While we see how the theft of Palestinian land was a horrendous act, this is only the beginning of the story.  We see through the course of this book that there were more Israeli invasions in 1967, 1982, 2002, and an invasion not included in the book that occurred just last year. 

However, this is only one part of the story.  We also see how Amal’s brother was raised in an Israeli family.  How his mother experienced the horrors of a Nazi concentration camp.  We see how David was forced to serve in the Israeli armed forces, and how he and the person who claimed to be his father felt shame for the atrocities they committed.

This is the background to the meeting between Amal and her brother David in, of all places, the suburbs of Pennsylvania.  Amal and her family had endured atrocities, while David, and the man who pretended to be his father, committed some of those atrocities.

Here is where, out of the ruins of the nightmare of the Middle East, we can see some hope.  David and Amal learn to care for one another.  At first, neither wanted to accept that they were of the same family.  Then, when each learned the reality of the other, they would accept that they were brother and sister.

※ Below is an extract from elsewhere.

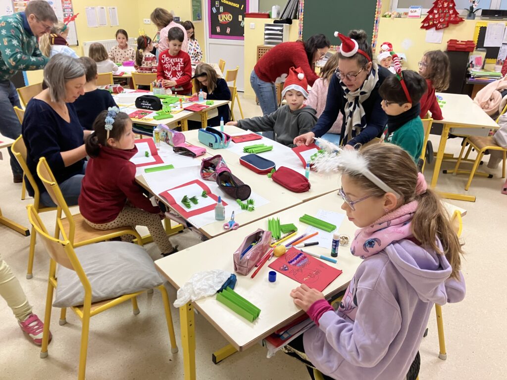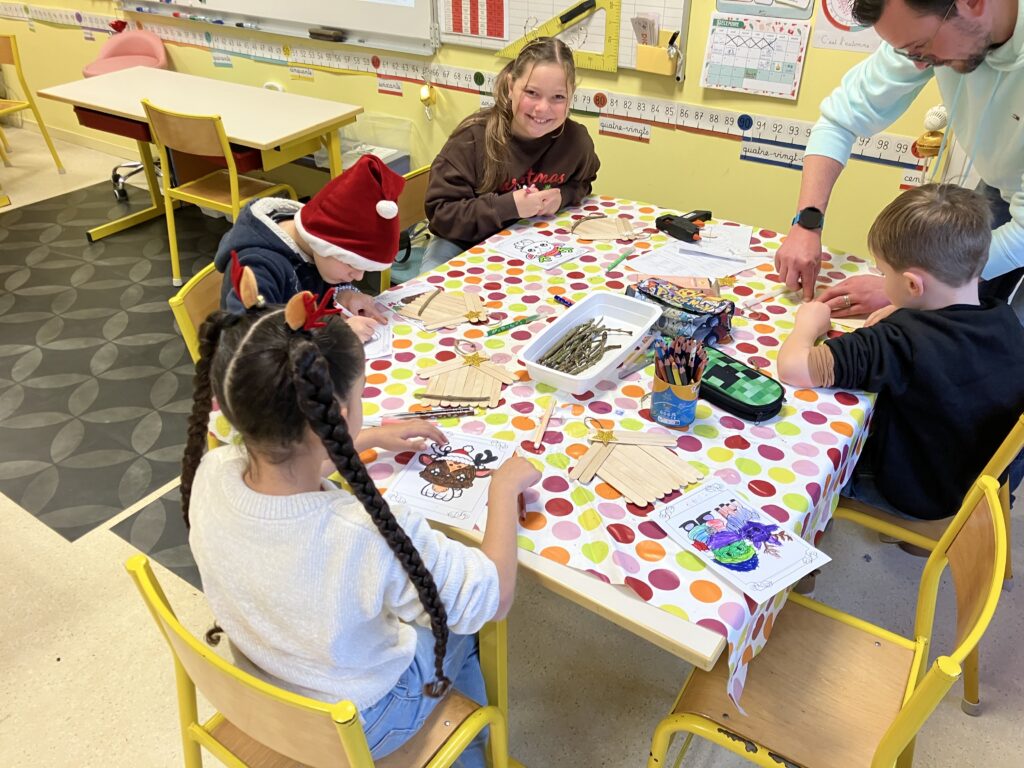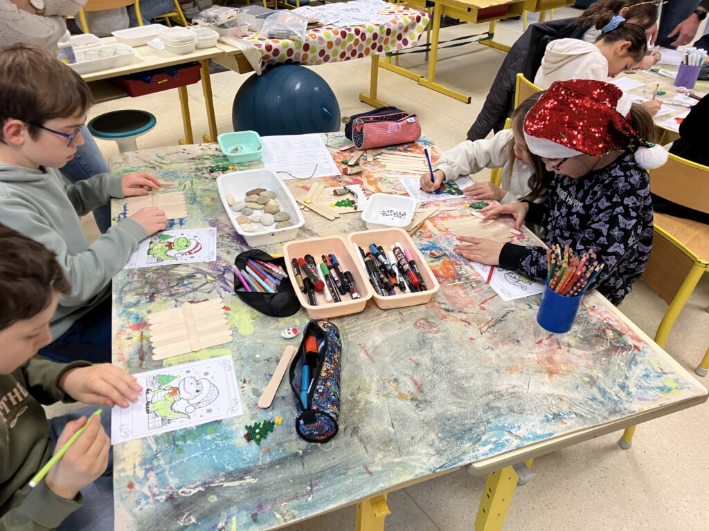 Samedi 6 décembre, l’école a vécu une belle matinée de bricolages de Noël réunissant tous les élèves, de la PS au CM2. Pour l’occasion, les enfants ont été répartis en groupes mêlant les différents niveaux, favorisant ainsi l’entraide, la coopération et les échanges entre les plus petits et les plus grands.
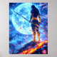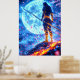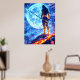 A lone neon warlord stands atop a glowing ridge, his energy-infused spear crackling with cybernetic power. The radiant blue moon casts an ethereal glow as cherry blossoms drift through the neon-lit battlefield. Clad in futuristic armour pulsing with fire and light, he embodies the spirit of a cybernetic knight, blending ancient warrior tradition with electrifying cyberpunk aesthetics.

Clearly this is not the whole story and perhaps I’ve divulged too much already.  However, while the media routinely portrays Palestinians as mindless terrorists, the novel Morings in Jenin tells a completely different story. 

Understanding this story forces the reader to question the fact that every year the United States government gives Israel billions of dollars as an outright gift.  How can a government give so much money to a nation that has committed the horrors outlined in the book Mornings in Jenin?

Well, we might keep in mind that the native people of the United States were also forced off of land they had lived on for centuries.  In the year 1830 the United States government adopted a piece of legislation called The Indian Removal Law.  All Native Americans who lived east of the Mississippi River were forced to move to the Indian Territory in Oklahoma.  This land was also stolen from Native Americans after the Civil War.

Recently the US government built a wall to prevent immigrants from Mexico from entering this country.  This wall is similar to the wall that separates Israel from the Occupied Territories.  However, the native people from both the United States and Israel continue to experience systematic discrimination.


In other words, the story Mornings in Jenin isn’t just about a family living half way around the world.  This story is similar to the reality of what continues to transpire in a place called the United States of America.